High Cell Volume Zn-Metal–organic Framework: Unveiling the Pseudo-capacitor Properties and Selective Colorimetric Recognition of Oxyanions
Vibhav Shukla, Musheer Ahmad, Ganesh Chandra Nayak, Tejender S. Thakur, Kafeel Ahmad Siddiqui
Abstract
Metal–organic frameworks (MOFs) possess distinctive characteristics such as a significant specific surface area, specialized porous structures, multiple active sites, and outstanding electrochemical properties. Owing to their large-scale applications, in this work a new MOF [Zn 9 (Cei) 6 (Bimb) 9 ] n ( 1 ), has been synthesized under room temperature conditions with [H 2 Cei = bis(2-carboxyethyl) isocyanurate, Bimb = 1,4-bis[(1 H -imidazol-1-yl)methyl]benzene], which has an extra ordinary cell volume of 23,622.8 (3) Å 3 .The materials have been thoroughly analyzed using X-ray diffraction (SCXRD and PXRD), FTIR, scanning electron microscopy, energy dispersive X-ray spectroscopy, and Brunauer–Emmett–Teller.
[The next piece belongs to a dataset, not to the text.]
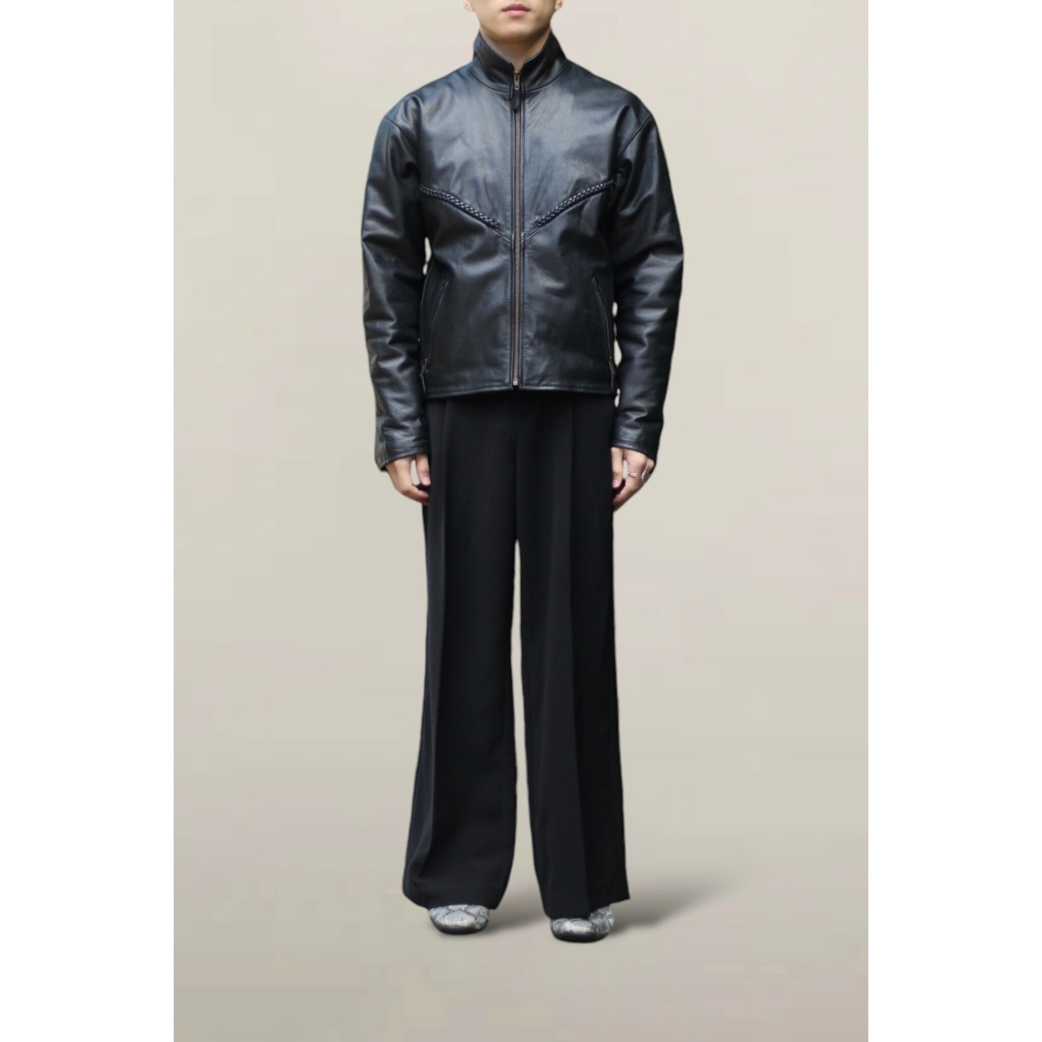 結構タイトな着用感で袖裏にジップがついているのもライダースのような1着。

This study identifies, ( 1 ) as a highly effective luminescent sensor for Cr 2 O 7 2–, CrO 4 2–, and MnO 4 – anions in ethanolic solution with LOD values of 3.3 × 10 –6 (0.640 ppm) for CrO 4 2–, 8.1 × 10 –6 (0.238 ppm) for Cr 2 O 7 2–, and 8.1 × 10 –6 (0.129 ppm) for MnO 4 – anions, respectively. The electrochemical properties of ( 1 ) were explored using cyclic voltammetry and galvanostatic charge–discharge study in 1 M TEABF 4 in acetonitrile electrolytes. The electrode material exhibits a specific capacity of 33 F g –1 at a current density of 1 A g –1 based on a discharge period of 13 s. The electrode material demonstrates 78.2% capacitance retention after 10,000 cycles, making it a potential candidate for energy storage applications.